WHAT IS NEEDED
Set down each line of the listing below exactly as it is written.

INFORMATION SHOWN
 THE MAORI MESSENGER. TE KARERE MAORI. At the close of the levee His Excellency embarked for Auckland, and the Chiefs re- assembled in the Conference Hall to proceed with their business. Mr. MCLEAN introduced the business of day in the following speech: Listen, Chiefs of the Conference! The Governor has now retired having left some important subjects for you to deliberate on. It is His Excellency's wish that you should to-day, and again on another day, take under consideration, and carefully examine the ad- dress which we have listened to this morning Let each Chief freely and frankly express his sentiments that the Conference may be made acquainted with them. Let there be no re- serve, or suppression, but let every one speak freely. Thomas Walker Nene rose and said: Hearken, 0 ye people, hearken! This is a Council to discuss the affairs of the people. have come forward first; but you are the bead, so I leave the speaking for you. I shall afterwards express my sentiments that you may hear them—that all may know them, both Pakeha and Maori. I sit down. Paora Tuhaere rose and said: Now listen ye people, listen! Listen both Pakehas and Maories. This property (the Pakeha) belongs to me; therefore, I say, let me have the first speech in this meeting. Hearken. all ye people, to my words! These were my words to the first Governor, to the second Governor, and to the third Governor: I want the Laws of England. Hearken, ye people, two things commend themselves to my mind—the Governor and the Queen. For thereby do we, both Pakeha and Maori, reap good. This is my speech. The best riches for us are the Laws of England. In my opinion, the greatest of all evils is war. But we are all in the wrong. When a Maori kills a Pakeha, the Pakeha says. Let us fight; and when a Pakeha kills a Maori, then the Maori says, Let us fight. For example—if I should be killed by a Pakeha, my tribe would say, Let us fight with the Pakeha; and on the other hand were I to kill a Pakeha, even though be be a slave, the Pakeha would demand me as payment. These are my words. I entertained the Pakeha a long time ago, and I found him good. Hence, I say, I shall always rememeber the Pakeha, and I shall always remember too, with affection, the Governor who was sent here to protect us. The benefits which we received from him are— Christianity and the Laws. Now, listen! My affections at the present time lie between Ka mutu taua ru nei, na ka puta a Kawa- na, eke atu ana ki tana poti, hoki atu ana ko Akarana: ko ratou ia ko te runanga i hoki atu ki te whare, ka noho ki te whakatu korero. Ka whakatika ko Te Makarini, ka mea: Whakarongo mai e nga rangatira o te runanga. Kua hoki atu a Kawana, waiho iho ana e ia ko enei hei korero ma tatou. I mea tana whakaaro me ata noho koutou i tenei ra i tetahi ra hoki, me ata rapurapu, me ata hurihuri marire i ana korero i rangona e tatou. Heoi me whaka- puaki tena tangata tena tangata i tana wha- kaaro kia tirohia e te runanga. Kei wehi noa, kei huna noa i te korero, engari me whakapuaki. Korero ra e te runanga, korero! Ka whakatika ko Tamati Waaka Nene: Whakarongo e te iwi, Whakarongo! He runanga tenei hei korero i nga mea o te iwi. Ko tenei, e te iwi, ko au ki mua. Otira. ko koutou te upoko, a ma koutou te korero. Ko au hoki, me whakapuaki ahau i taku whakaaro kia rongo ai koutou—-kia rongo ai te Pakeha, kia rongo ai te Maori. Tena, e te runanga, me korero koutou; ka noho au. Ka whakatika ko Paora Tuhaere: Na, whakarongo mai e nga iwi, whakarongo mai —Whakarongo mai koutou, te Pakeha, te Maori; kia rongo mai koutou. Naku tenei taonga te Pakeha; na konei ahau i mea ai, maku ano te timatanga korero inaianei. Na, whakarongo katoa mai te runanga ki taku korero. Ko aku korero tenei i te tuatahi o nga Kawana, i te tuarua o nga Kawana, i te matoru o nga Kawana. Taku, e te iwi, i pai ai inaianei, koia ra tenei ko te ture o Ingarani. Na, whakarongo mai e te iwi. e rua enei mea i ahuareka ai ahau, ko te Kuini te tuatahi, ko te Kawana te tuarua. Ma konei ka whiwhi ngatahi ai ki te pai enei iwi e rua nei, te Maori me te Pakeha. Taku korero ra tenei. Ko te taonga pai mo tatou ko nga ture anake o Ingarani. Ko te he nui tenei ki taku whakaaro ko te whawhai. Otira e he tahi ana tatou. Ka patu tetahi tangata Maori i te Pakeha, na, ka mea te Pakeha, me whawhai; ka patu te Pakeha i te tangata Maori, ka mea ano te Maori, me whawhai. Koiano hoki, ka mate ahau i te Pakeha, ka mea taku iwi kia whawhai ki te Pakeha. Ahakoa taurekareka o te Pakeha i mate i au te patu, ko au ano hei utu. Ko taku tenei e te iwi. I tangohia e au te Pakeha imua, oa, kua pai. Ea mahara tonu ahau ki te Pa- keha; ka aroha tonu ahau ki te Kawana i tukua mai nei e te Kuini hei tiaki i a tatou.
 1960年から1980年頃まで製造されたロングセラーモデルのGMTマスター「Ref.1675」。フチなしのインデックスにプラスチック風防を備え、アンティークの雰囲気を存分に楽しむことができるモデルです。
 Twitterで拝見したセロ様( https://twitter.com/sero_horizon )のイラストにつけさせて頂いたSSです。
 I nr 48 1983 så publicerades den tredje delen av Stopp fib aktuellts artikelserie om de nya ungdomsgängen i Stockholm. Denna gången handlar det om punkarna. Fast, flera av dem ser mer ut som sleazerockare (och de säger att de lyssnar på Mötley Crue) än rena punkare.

TASK SOLUTION
 THE MAORI MESSENGER. TE KARERE MAORI. At the close of the levee His Excellency embarked for Auckland, and the Chiefs re- assembled in the Conference Hall to proceed with their business. Mr. MCLEAN introduced the business of day in the following speech: Listen, Chiefs of the Conference! The Governor has now retired having left some important subjects for you to deliberate on. It is His Excellency's wish that you should to-day, and again on another day, take under consideration, and carefully examine the ad- dress which we have listened to this morning Let each Chief freely and frankly express his sentiments that the Conference may be made acquainted with them. Let there be no re- serve, or suppression, but let every one speak freely. Thomas Walker Nene rose and said: Hearken, 0 ye people, hearken! This is a Council to discuss the affairs of the people. have come forward first; but you are the bead, so I leave the speaking for you. I shall afterwards express my sentiments that you may hear them—that all may know them, both Pakeha and Maori. I sit down. Paora Tuhaere rose and said: Now listen ye people, listen! Listen both Pakehas and Maories. This property (the Pakeha) belongs to me; therefore, I say, let me have the first speech in this meeting. Hearken. all ye people, to my words! These were my words to the first Governor, to the second Governor, and to the third Governor: I want the Laws of England. Hearken, ye people, two things commend themselves to my mind—the Governor and the Queen. For thereby do we, both Pakeha and Maori, reap good. This is my speech. The best riches for us are the Laws of England. In my opinion, the greatest of all evils is war. But we are all in the wrong. When a Maori kills a Pakeha, the Pakeha says. Let us fight; and when a Pakeha kills a Maori, then the Maori says, Let us fight. For example—if I should be killed by a Pakeha, my tribe would say, Let us fight with the Pakeha; and on the other hand were I to kill a Pakeha, even though be be a slave, the Pakeha would demand me as payment. These are my words. I entertained the Pakeha a long time ago, and I found him good. Hence, I say, I shall always rememeber the Pakeha, and I shall always remember too, with affection, the Governor who was sent here to protect us. The benefits which we received from him are— Christianity and the Laws. Now, listen! My affections at the present time lie between Ka mutu taua ru nei, na ka puta a Kawa- na, eke atu ana ki tana poti, hoki atu ana ko Akarana: ko ratou ia ko te runanga i hoki atu ki te whare, ka noho ki te whakatu korero. Ka whakatika ko Te Makarini, ka mea: Whakarongo mai e nga rangatira o te runanga. Kua hoki atu a Kawana, waiho iho ana e ia ko enei hei korero ma tatou. I mea tana whakaaro me ata noho koutou i tenei ra i tetahi ra hoki, me ata rapurapu, me ata hurihuri marire i ana korero i rangona e tatou. Heoi me whaka- puaki tena tangata tena tangata i tana wha- kaaro kia tirohia e te runanga. Kei wehi noa, kei huna noa i te korero, engari me whakapuaki. Korero ra e te runanga, korero! Ka whakatika ko Tamati Waaka Nene: Whakarongo e te iwi, Whakarongo! He runanga tenei hei korero i nga mea o te iwi. Ko tenei, e te iwi, ko au ki mua. Otira. ko koutou te upoko, a ma koutou te korero. Ko au hoki, me whakapuaki ahau i taku whakaaro kia rongo ai koutou—-kia rongo ai te Pakeha, kia rongo ai te Maori. Tena, e te runanga, me korero koutou; ka noho au. Ka whakatika ko Paora Tuhaere: Na, whakarongo mai e nga iwi, whakarongo mai —Whakarongo mai koutou, te Pakeha, te Maori; kia rongo mai koutou. Naku tenei taonga te Pakeha; na konei ahau i mea ai, maku ano te timatanga korero inaianei. Na, whakarongo katoa mai te runanga ki taku korero. Ko aku korero tenei i te tuatahi o nga Kawana, i te tuarua o nga Kawana, i te matoru o nga Kawana. Taku, e te iwi, i pai ai inaianei, koia ra tenei ko te ture o Ingarani. Na, whakarongo mai e te iwi. e rua enei mea i ahuareka ai ahau, ko te Kuini te tuatahi, ko te Kawana te tuarua. Ma konei ka whiwhi ngatahi ai ki te pai enei iwi e rua nei, te Maori me te Pakeha. Taku korero ra tenei. Ko te taonga pai mo tatou ko nga ture anake o Ingarani. Ko te he nui tenei ki taku whakaaro ko te whawhai. Otira e he tahi ana tatou. Ka patu tetahi tangata Maori i te Pakeha, na, ka mea te Pakeha, me whawhai; ka patu te Pakeha i te tangata Maori, ka mea ano te Maori, me whawhai. Koiano hoki, ka mate ahau i te Pakeha, ka mea taku iwi kia whawhai ki te Pakeha. Ahakoa taurekareka o te Pakeha i mate i au te patu, ko au ano hei utu. Ko taku tenei e te iwi. I tangohia e au te Pakeha imua, oa, kua pai. Ea mahara tonu ahau ki te Pa- keha; ka aroha tonu ahau ki te Kawana i tukua mai nei e te Kuini hei tiaki i a tatou.
 1960年から1980年頃まで製造されたロングセラーモデルのGMTマスター「Ref.1675」。フチなしのインデックスにプラスチック風防を備え、アンティークの雰囲気を存分に楽しむことができるモデルです。
 Twitterで拝見したセロ様( https://twitter.com/sero_horizon )のイラストにつけさせて頂いたSSです。
 I nr 48 1983 så publicerades den tredje delen av Stopp fib aktuellts artikelserie om de nya ungdomsgängen i Stockholm. Denna gången handlar det om punkarna. Fast, flera av dem ser mer ut som sleazerockare (och de säger att de lyssnar på Mötley Crue) än rena punkare.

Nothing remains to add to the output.